Bu çerçevede sorunuza tekrar dönecek olursam, hakiki bir başarı için etkin pozisyonlarda kadınların yer alabilmesi, engellenmemesi, desteklenmesi ve hatta motive edilmesinin gerekli olduğunu düşünüyorum. Bunun için de oturup beklemiyoruz, bilakis kadınları alıkoyan sebepleri azaltacak teşvikler ve çalışmalar yapmaya devam ediyoruz.
İktidar olduğunuzda kabinenizde kaç bakanlığın kadınlardan oluşabileceğini düşünüyorsunuz?
Küçük bir geçmiş hatırlatması yapmak isterim. Benim Başbakan Yardımcılığı görevim sırasında biliyorsunuz Türkiye, G-20 dönem başkanı oldu. Daha evvel G-20 yapısı içerisinde olmayan bir yapı oluşturulmasına öncülük ettim: W-20 (Kadın-20). Kadınların karar alma mekanizmalarına, işgücüne, iş dünyasına katılımının ülkeleri büyütüp geliştirdiği yadsınamaz bir gerçek. Bu amaçla, görevimin başındayken, tüm dünyada kadınların iş dünyasındaki rolünü ve etkinliğini arttırmak, kadın gücünü ortaya koymak, bunu ülkeler için geliştirici olacağını göstermek için W-20’nin kurulmasını sağladım.
Şimdi de DEVA Partisi’nde yönetim kadrolarına baktığınız zaman da 22 kişilik Genel Merkez Başkanlık Kurulu’nda 7, 51 kişilik Genel Merkez Yönetim Kurulu’nda 18 kadın arkadaşımızla birlikte çalışıyoruz.
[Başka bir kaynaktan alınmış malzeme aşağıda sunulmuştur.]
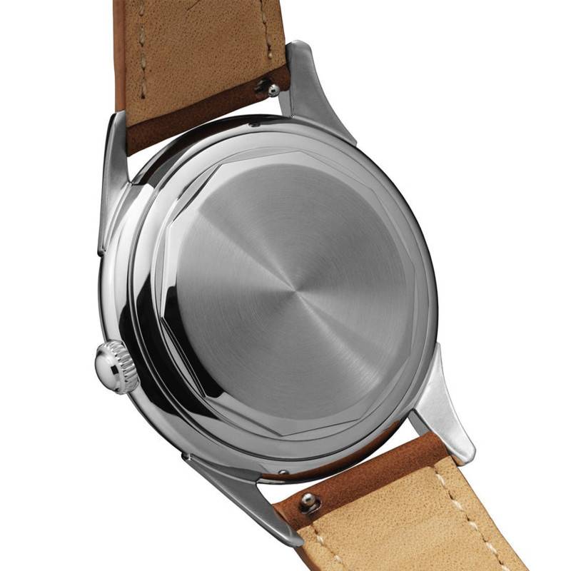Le cadran de cette montre est une démonstration de simplicité et de sophistication. Doté d'un fond de couleur beige, il affiche des chiffres arabes élégamment disposés, facilitant la lisibilité grâce à une finition mat qui évite les reflets indésirables. Le cadran est protégé par un verre saphir bombé, réputé pour sa résistance exceptionnelle aux rayures, et est doté d'un double traitement antireflets pour assurer une lisibilité parfaite sous toutes les conditions de lumière. Un chemin de fer des minutes entoure le bord du cadran, ajoutant une touche d'élégance classique. Les aiguilles précises indiquent les heures, minutes et secondes, tandis que le discret logo de la marque est inscrit à 12 heures, rendant hommage à l'héritage suisse raffiné de la montre.

Bunu yeterli anlamında asla söylemiyorum. Biz kadınların aktif siyasi pozisyonlarda yer alması için üzerimize düşen sorumluluğun bilincindeyiz. İktidar olduğumuzda
bundan taviz vermeyeceğimiz gibi, en yüksek sayıda kadın bakanla birlikte kabine oluşturmak için çalışacağız. “Kadın bakan” denince sadece “Aile ve Sosyal Politikalar Bakanlığı”nın akla gelmesi veya kabineyi 1-2 kadınla sınırlı tutmak başarı sağlamıyor; işte ülkenin durumu ortada. Dış İşleri, İçişleri, Adalet, Sağlık hangisini sayarsanız sayın, ülkemizdeki yetişmiş kadın gücü her birini hakkıyla, layıkıyla yapacak nitelikte. Biz bu gücü arkamıza almıyoruz. Bu güçle yan yanayız.